- Problem description
Without including any pictures, reproduce all the lines below word for word.

- Data

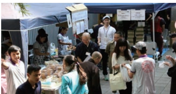
りんりんふえすの様子

東京の本部では、これまで継続してきた炊き出し夜回り支縁や葬送支縁、ビッグイシューサポートライブの応援などの他、新たな活動を計画しています。一つ目は、生活困窮者支援団体が行う簡易宿泊所やアパートで一人暮らしをしている方々への訪問事業に同行する活動です。二つ目は、炊き出しの会場の山谷光照院裏に設けられる「こども極楽堂」と提携して、子ども支縁活動への参加です。三つ目は、体調不良を訴える人の身体の観察法や薬品を渡す際の留意点についてなど、会員やボランティアメンバーに向けた研修会の実施です。上記のような新規事業を通じて、できるかぎり多角的に路上生活者や苦しい状態の子どもたちに心を寄せて参ります。
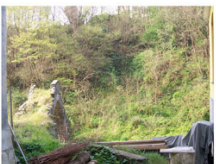
vista 2: l'accesso al ponte
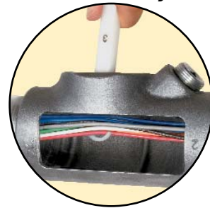
Gancho, ferramenta #3 eleve facilmente todos os condutores.

O Cooper Crouse-Hinds EYS Tool Kit permite com segurança e confiabilidade a colocação da fibra de em unidades seladoras. Constituído por cinco ferramentas em um estojo de mão o EYS Tool Kit torna rápida e fácil o crítico processo de separação dos condutores e acomodação da fibra de vedação.
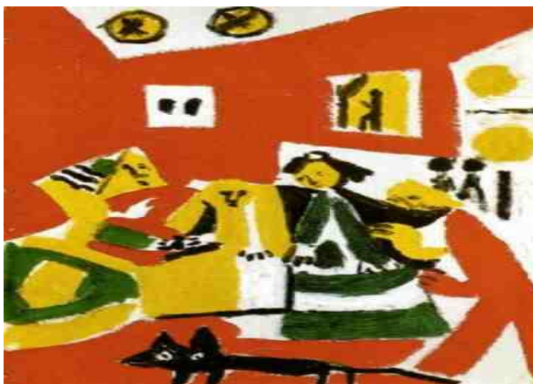
Figura 3 - Releitura de Las Meninas de Velázquez , de Plabo Picasso.
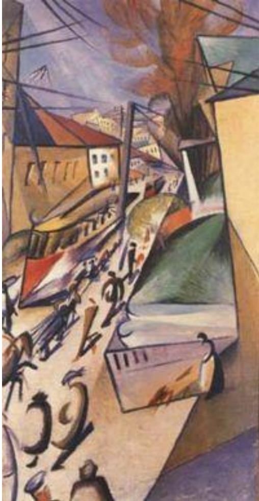
А. Богомазов. Трамвай. 1914

Направление в искусстве 1910-х гг., наиболее характерное для русского художественного авангарда тех лет, стремившегося соединить принципы искусства 1910-х гг., наиболее характерное для русского художественного авангарда тех лет, стремившегося соединить принципы кубизма (разложение предмета на составляющие
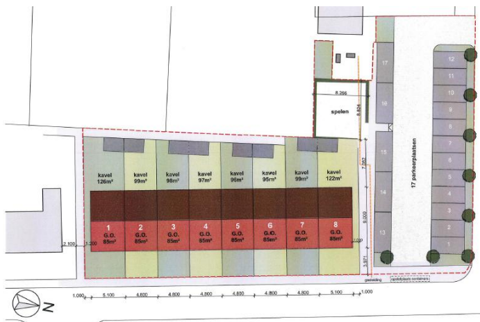
Situatietekening (onder voorbehoud)

De woningen zullen in een ononderbroken rij worden uitgevoerd met een voorgevel die in lijn ligt met de bestaande woningen. Het huidige parkeerterrein wordt opnieuw ingericht en biedt plaats aan 17 auto's. Achter de woningen wordt een ruimte gereserveerd voor een rustig en veilig gelegen speelruimte waar kinderen kunnen spelen en beschermd zijn van het verkeer. Hieronder zijn een impressie van de situatietekening en de woningen weergegeven. Beide schetsen zijn een impressie en kunnen op onderdelen nog aangepast worden. Er kunnen geen rechten aan worden ontleend.
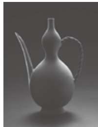
戸田浩二 《焼締儂水揺》 2025年
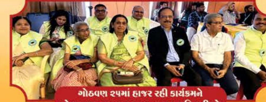
ગોઠવણ ૨૫માં હાજર રહી કાર્યક્રમને શોભાયમાન કરનાર મહાજનના પદાધિકારીઓ
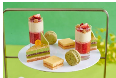
店舗ごとに異なる味わいのマカロンを提供
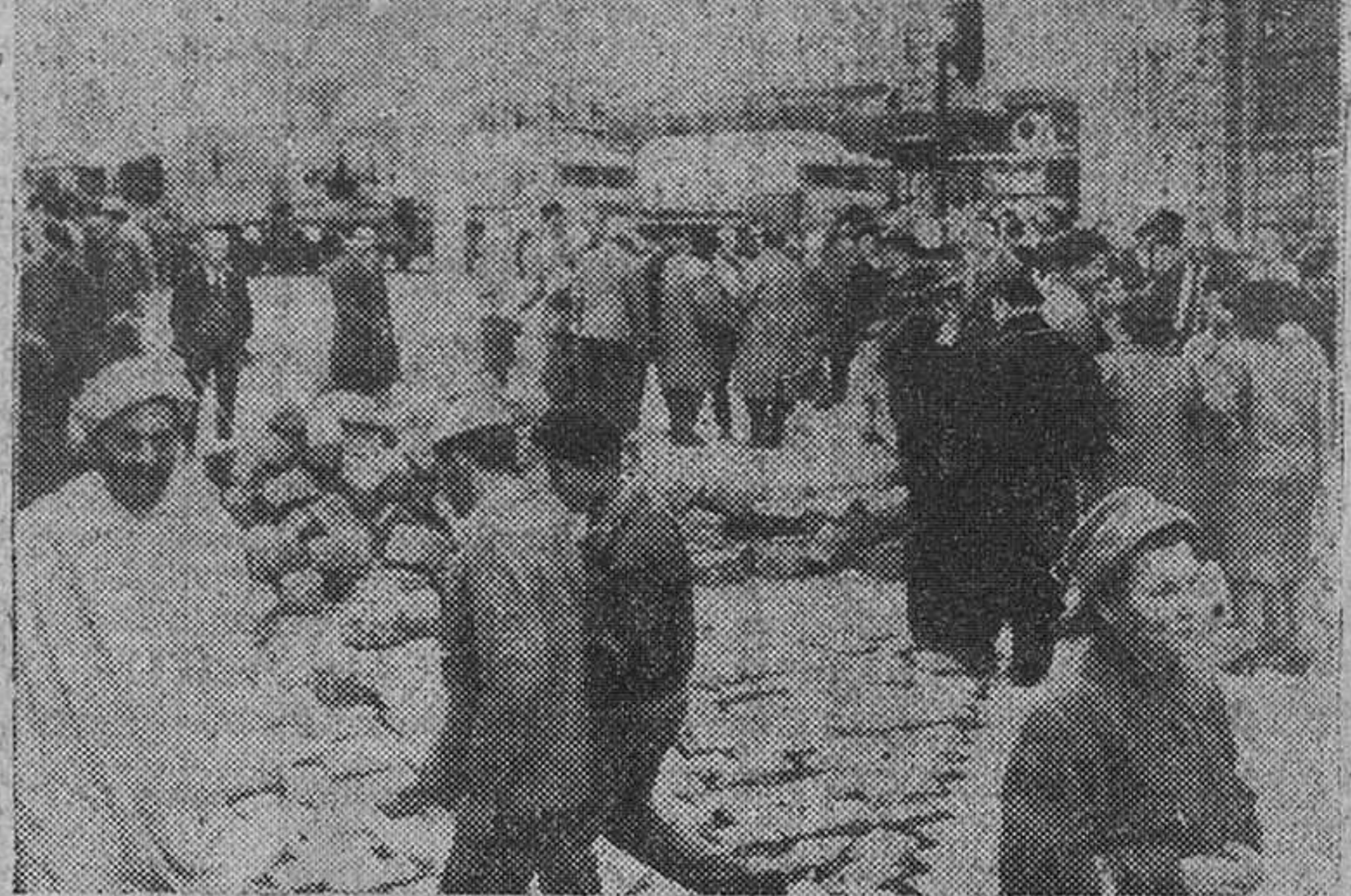
Argelia. — Grupos de personas conversan sobre los acontecimientos que se registraron en Argel y otros puntos de Argelia. En la foto puede observarse el pavimento levantado para las barricadas. Al fondo, camiones para el transporte de las tropas que mantienen el orden.

Argel. — Radio Argel anunció a primera hora de la tarde que "los elementos insurrectos de las armas han sido desarmados". (Pasa a cuarta pag.)
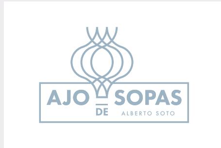
1 Tinta P 5435 U
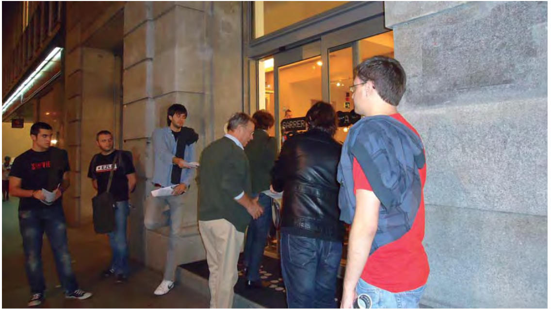
Varias personas convocadas por EUSKADI—CUBA repartieron, en la calle, información sobre Yoani Sánchez.

El periodista de Cubainformación TV preguntó si aquel era “un festival contra la censura o a favor de la censura”, y señaló que aquella actitud hostil es aplicada solo “a los medios que os interesa”, en referencia a las facilidades que ofrece el
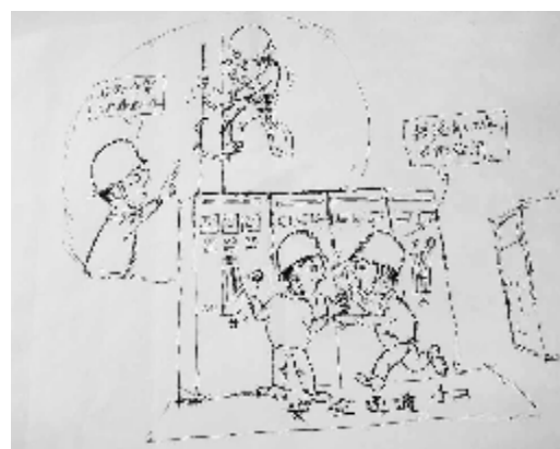
无“票”不工作 晋铝矿山工服公司 刘云海
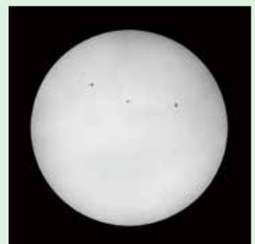
「太陽」 (2026年3月5日撮影)

そのようにまだ話題の多い太陽を、5月27日から6月7日開催の「太陽観望会」にて専用の望遠鏡で観察してみませんか？
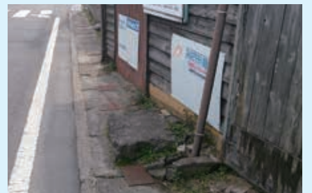
■塩浜街道側溝整備
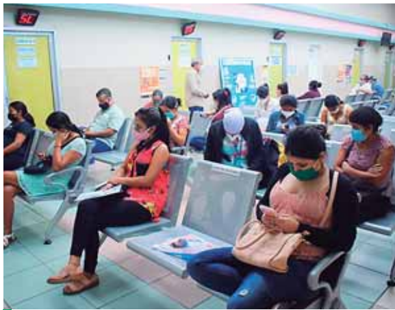
Un promedio de 17 especialidades atiende ahora la Clínica Periférica de Tepeaca.
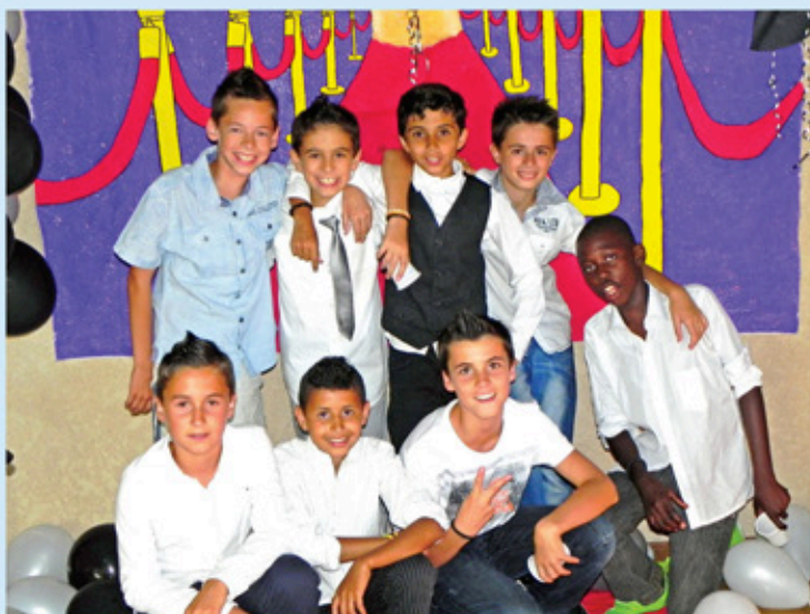
Les garçons, chic et choc

Cette année encore, afin de faciliter les démarches administratives des familles, nous avons mis en place un dossier unique d'inscription regroupant toutes les activités municipales scolaires et extra scolaires : cantine, transport, étude, périscolaire, accueil de loisirs et la garderie, proposée à tous gratuitement de 16h00 à 16h30 tous les jours et de 11h30 à 12h00 le mercredi.
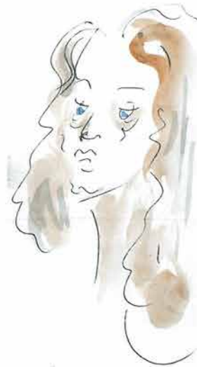
Žena smeđe valovite kose

- Response below
りんりんふえすの様子

東京の本部では、これまで継続してきた炊き出し夜回り支縁や葬送支縁、ビッグイシューサポートライブの応援などの他、新たな活動を計画しています。一つ目は、生活困窮者支援団体が行う簡易宿泊所やアパートで一人暮らしをしている方々への訪問事業に同行する活動です。二つ目は、炊き出しの会場の山谷光照院裏に設けられる「こども極楽堂」と提携して、子ども支縁活動への参加です。三つ目は、体調不良を訴える人の身体の観察法や薬品を渡す際の留意点についてなど、会員やボランティアメンバーに向けた研修会の実施です。上記のような新規事業を通じて、できるかぎり多角的に路上生活者や苦しい状態の子どもたちに心を寄せて参ります。
vista 2: l'accesso al ponte
Gancho, ferramenta #3 eleve facilmente todos os condutores.

O Cooper Crouse-Hinds EYS Tool Kit permite com segurança e confiabilidade a colocação da fibra de em unidades seladoras. Constituído por cinco ferramentas em um estojo de mão o EYS Tool Kit torna rápida e fácil o crítico processo de separação dos condutores e acomodação da fibra de vedação.
Figura 3 - Releitura de Las Meninas de Velázquez , de Plabo Picasso.
А. Богомазов. Трамвай. 1914

Направление в искусстве 1910-х гг., наиболее характерное для русского художественного авангарда тех лет, стремившегося соединить принципы искусства 1910-х гг., наиболее характерное для русского художественного авангарда тех лет, стремившегося соединить принципы кубизма (разложение предмета на составляющие
Situatietekening (onder voorbehoud)

De woningen zullen in een ononderbroken rij worden uitgevoerd met een voorgevel die in lijn ligt met de bestaande woningen. Het huidige parkeerterrein wordt opnieuw ingericht en biedt plaats aan 17 auto's. Achter de woningen wordt een ruimte gereserveerd voor een rustig en veilig gelegen speelruimte waar kinderen kunnen spelen en beschermd zijn van het verkeer. Hieronder zijn een impressie van de situatietekening en de woningen weergegeven. Beide schetsen zijn een impressie en kunnen op onderdelen nog aangepast worden. Er kunnen geen rechten aan worden ontleend.
戸田浩二 《焼締儂水揺》 2025年
ગોઠવણ ૨૫માં હાજર રહી કાર્યક્રમને શોભાયમાન કરનાર મહાજનના પદાધિકારીઓ
店舗ごとに異なる味わいのマカロンを提供
Argelia. — Grupos de personas conversan sobre los acontecimientos que se registraron en Argel y otros puntos de Argelia. En la foto puede observarse el pavimento levantado para las barricadas. Al fondo, camiones para el transporte de las tropas que mantienen el orden.

Argel. — Radio Argel anunció a primera hora de la tarde que "los elementos insurrectos de las armas han sido desarmados". (Pasa a cuarta pag.)
1 Tinta P 5435 U
Varias personas convocadas por EUSKADI—CUBA repartieron, en la calle, información sobre Yoani Sánchez.

El periodista de Cubainformación TV preguntó si aquel era “un festival contra la censura o a favor de la censura”, y señaló que aquella actitud hostil es aplicada solo “a los medios que os interesa”, en referencia a las facilidades que ofrece el
无“票”不工作 晋铝矿山工服公司 刘云海
「太陽」 (2026年3月5日撮影)

そのようにまだ話題の多い太陽を、5月27日から6月7日開催の「太陽観望会」にて専用の望遠鏡で観察してみませんか？
■塩浜街道側溝整備
Un promedio de 17 especialidades atiende ahora la Clínica Periférica de Tepeaca.
Les garçons, chic et choc

Cette année encore, afin de faciliter les démarches administratives des familles, nous avons mis en place un dossier unique d'inscription regroupant toutes les activités municipales scolaires et extra scolaires : cantine, transport, étude, périscolaire, accueil de loisirs et la garderie, proposée à tous gratuitement de 16h00 à 16h30 tous les jours et de 11h30 à 12h00 le mercredi.
Žena smeđe valovite kose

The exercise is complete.